Our front porch is currently under construction. We started with the knowledge we had some gutter issues, which had led to some issues with runoff, which had rotted a few isolated spots in the roof and the floorboards along the front railings. I’d hoped we’d just need a little gutter work, a few replacement boards, and some fresh paint, but that’s not how home renovations work.

We signed on for gutter repair and an entire porch floor replacement. That morphed into replacing all the joists supporting the floor too, since they were too far apart to meet code, and adding footers when the builders discovered there weren’t any. The rot in the porch roof, it turned out, was more extensive than anticipated, partly because there were some places in the metal that were completely rusted through, places someone who lived here before us had disguised by simply painting over them. The porch roof will have to be replaced as well.
So now we have a big hole in the ground outside our front door where our porch used to be. The builders are working diligently, but it’s going to be a lengthy process. By the time all is said and done, the only original parts of our porch will be the columns and the railing and its pickets.

The porch is our favorite room in our home.
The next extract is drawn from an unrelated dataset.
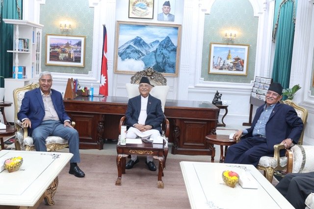 प्रधानमन्त्री तथा मन्त्रिपरिषद्को कार्यालय, सिंहदरबारमा भएको छलफलमा प्रधानमन्त्री एवं नेपाल कम्युनिष्ट पार्टी (एमाले) का अध्यक्ष ओली, नेपाली कांग्रेसका सभापति एवं पूर्वप्रधानमन्त्री शेरबहादुर देउवा, नेकपा (माओवादी केन्द्र) का अध्यक्ष एवं पूर्वप्रधानमन्त्री पुष्पकमल दाहाल ‘प्रचण्ड’, गृहमन्त्री रमेश लेखकलगायत सहभागी हुनुहुन्छ ।
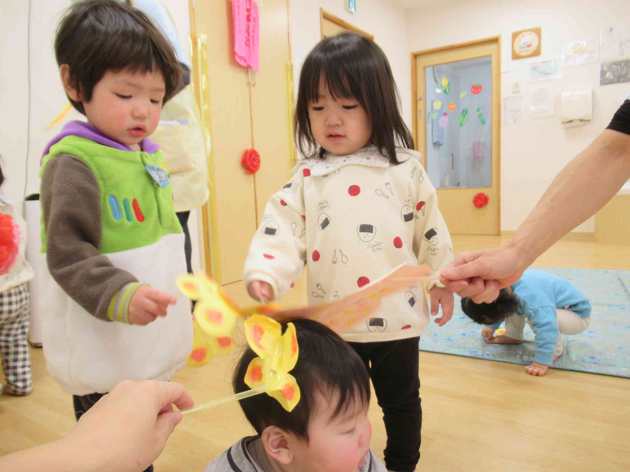 歌に合わせながらちょうちょのペープサートを使って遊びました☆

It’s what sold us–Steve in particular–on buying it. When we were house-hunting, we stopped by the empty house one spring afternoon and sat in the chairs the realtor had staged on the porch. Looking at the rolling hills and towering trees of the park that faced two sides of the house, we were smitten.
It’s unsettling to see it torn apart, even in the interest, ultimately, of repair. That’s how I feel about our government this week, too, and as often as not, it’s also how I feel about my own body in the course of treatment. It’s difficult sometimes to imagine what’s on the other side of destruction, even when that destruction isn’t unexpected; even when, as with chemo, it’s deliberate. You hope the discomforts and sacrifices will be worth it. Time will tell.

I’ve been around this block enough times to know that it will never be the same. However necessary the work, however skilled the reconstruction, something will be lost. For that, I grieve.
Meanwhile our days are underscored by banging, drilling, and occasionally, the soft shwush of a paintbrush’s bristles whitewashing wood. As winter slowly winds its way toward spring, I dream of warmer days, when the sounds of hammers will be replaced by the gentle creak of a porch swing, when calmer voices and haler cells might prevail, when sun-dappled shadows will dance across the painted boards once more.